Возможно и даже наверняка это только красивое совпадение, но именно на минувшей неделе у меня выдались четыре консультации по поводу разных нарушений пищевого поведения, как если бы обнажились именно самые ранние травмы и фиксации. И когда мы в быту слышим, что люди «сыты по горло обещаниями» или их «тошнит от политики», это тоже дальний, еле слышный отголосок процесса «оголения» первичной травматизации, которая, естественно, склонна сообщать о себе на языке физических ощущений.
Но ведь и когда мы говорим, что нашей ситуации недостает стабильности (имея в виду вполне «взрослые» аспекты социального, экономического и т. п. планов), это позволяет нам отнестись если мы того захотим, если нам это дает какое-то новое понимание себя в ситуации нестабильности, к раннему опыту и к тому, каковы были наши чувства, действия и механизмы совладания с проявлениями нестабильности в окружении, отношениях и даже в физическом мире.
Группаналитическая терапия как раз дает возможность подробного проживания и обмена чувствами, свободными ассоциациями и тем, что Фулкс называл «бессознательными интерпретациями». А по ходу дела актуализируются, осознаются давние смысловые связи, возникают новые И что-то из этого важно для одного человека в группе, для двух что-то для пяти или всей группы Снова послание кому-то одному, и вот из таких «петелек» мало-помалу плетется новый «контейнер» или реконструируются обломки старого, но мягче, с большим запасом эластичности. Возникает новое, пусть временное «мы», и терапевтическая группа служит зеркалом и переводчиком других групп принадлежности, прошлых и настоящих, ею обживаются новые метафоры, возникает свой внутренний язык, свои смысловые поля, и через них способность понимать, как «устроено» понимание в других группах, в той, первой и единственной, и в себе самом.
Психодрама идет внешне абсолютно иным путем: вместо тщательного «вывязывания петелек» быстрое построение сцен, воплощение в действии того, что и в голове-то не оформилось.
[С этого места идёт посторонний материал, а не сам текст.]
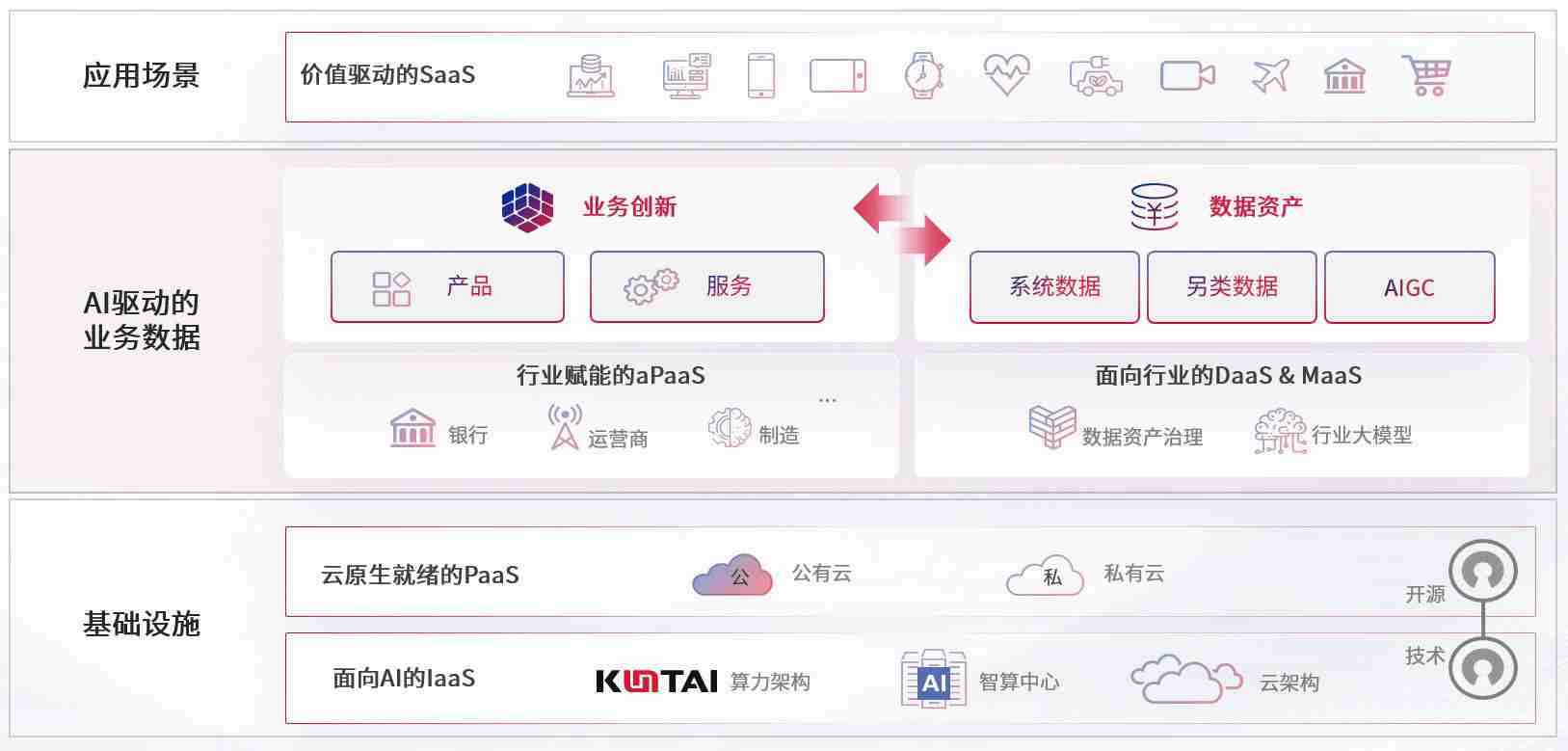 数字时代,,,,围绕企业数字化转型的关键要素,,manbet数码开创性的提出数云融合战略和技术体系框架,,,着力在云原生、、数字原生、、、AI原生和信创产业上架构产品和服务能力,,,,为处在不同数字化转型阶段的快消零售、、、汽车、、、、金融、、、、医疗、、、、政企、、、教育、、、运营商等行业客户提供泛在的敏捷IT能力和融合的数据驱动能力,,,构建跨界融合创新的数字业务场景和新业务模式,,,助力企业级客户建立面向未来的核心能力和竞争优势,,全面推动社会的数字化、、、、智能化转型升级。。

И если протагонист говорит, что «жизнь так изменилась, что он больше ничего не понимает», мы можем конкретизировать, воплотить это непонимание и беспокоящие явления изменившейся жизни с помощью группы как бы развернуть вовне, в действие, и через обмен ролями дать протагонисту возможность исследовать свое непонимание, одновременно не позволяя ему забывать о собственных «авторских правах» в созданной им модели Непонятного Мира.
Наделяя протагониста правом строить в пространстве действия любые миры и действовать в них, психодрама дает ему шанс справиться со своей травмой на символическом уровне и в условиях минимального риска то есть тоже создает некий новый «контейнер». Впрочем, в случае «ничего не понимающего протагониста» можно было бы пойти другим путем: не выстраивать его картину мира, а просто спросить, что ему напоминает это чувство на что это похоже, когда «больше ничего не понимаешь», и вновь двинуться в область «само собой разумеющегося», которое нуждается в прояснении, возможно, отреагировании, и уж точно в осознавании.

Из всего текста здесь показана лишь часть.